Treatment usually begins before confirmation via blood culture with the use of broad
spectrum antibiotics and once blood culture results are received, broad spectrum
antibiotics are swapped for antibiotics specific to the pathogen causing the infection.
Patients may also be given oxygen and fluids intravenously to help maintain blood
pressure. Sometimes surgery may be required to remove sources of infection such
as abscesses. Treatment is often in a hospitals high care unit like the ICU.
While sepsis can be an extremely life threatening disease if left untreated or even if
treatment is prolonged, it can also be prevented altogether by receiving the S.

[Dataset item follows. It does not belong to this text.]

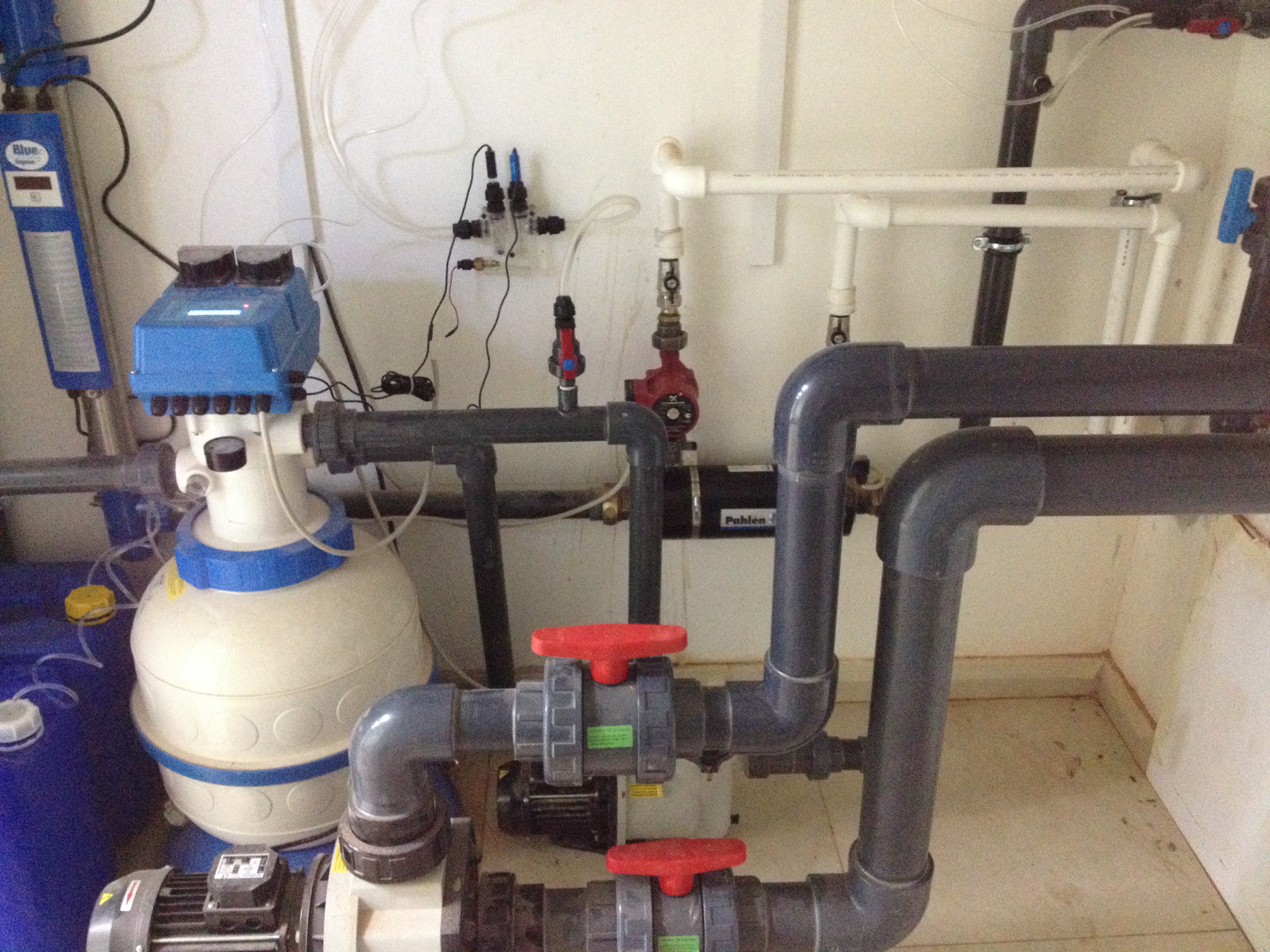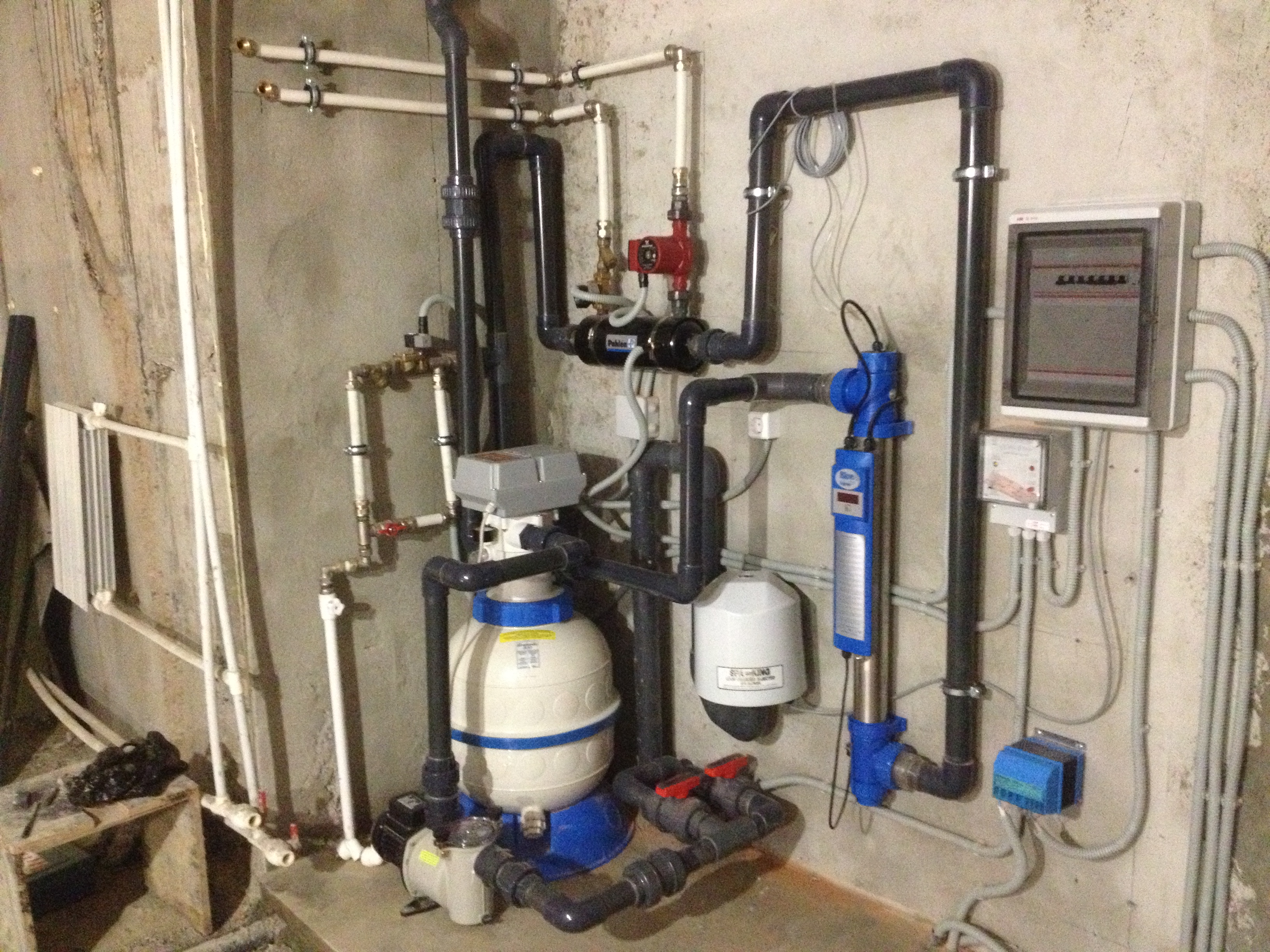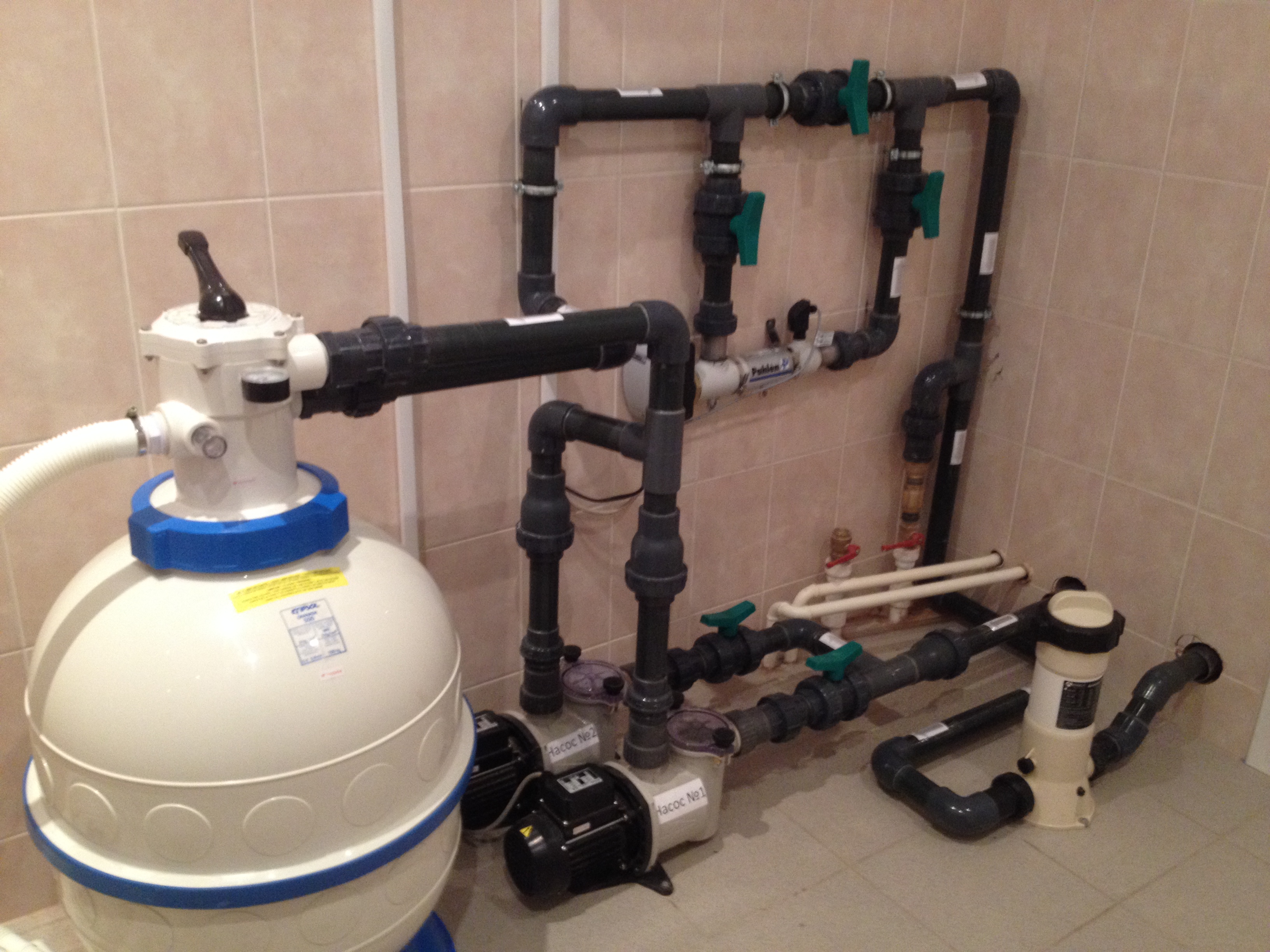 К оборудованию для бассейнов относят огромную номенклатуру агрегатов и узлов. К основному оборудованию можно отнести фильтры, насосы, фильтровальные установки, закладные элементы, с помощью которых осуществляется фильтрация воды (скиммеры, переливные патрубки, форсунки возврата воды, донные сливы), трубы и фитинги, соединяющие все узлы, лестницы и поручни, а также блоки управления этим оборудованием. Подогрев воды в бассейне создают теплообменники, электрические нагреватели, тепловые насосы. Дополнительное оборудование- это подсветка воды (светодиодная и галогенная), различного вида аттракционы, такие как водопады, противотоки, гейзеры, гидромассажные установки. Также сюда относят защитные покрытия, автоматические станции дозирования реагентов, системы дезинфекции ионами меди и серебра, ультрафиолетовые установки, автоматические роботы-пылесосы. В соответствующих разделах остановимся на каждом таком оборудовании подробнее.

pneumoniae and Haemophilus influenza B vaccines, cleaning wounds and receiving
appropriate treatment for infections as well as taking preventative antibiotics when in
close contact with septicaemia patients.
Elderly people, patients with co-morbidities like cancer and diabetes as well as
patients that are immune-suppressed have the greatest risk of contracting sepsis.
With advances in medical science, sepsis still remains a deadly disease mainly due
to drug resistant microbes and delay in diagnosis and treatment.
PATHOPYSIOLOGY OF SEPSIS
When host tissue is injured or infected, the host’s initial response is to localize and
control the pathogenic invasion and initiate tissue repair. While this task may seem
simple enough, the actual process consists of a number of complex pathways that
work in unison to bring about equilibrium or homeostasis by eliminating invading
pathogens without causing damage to its own tissues, organs or other systems.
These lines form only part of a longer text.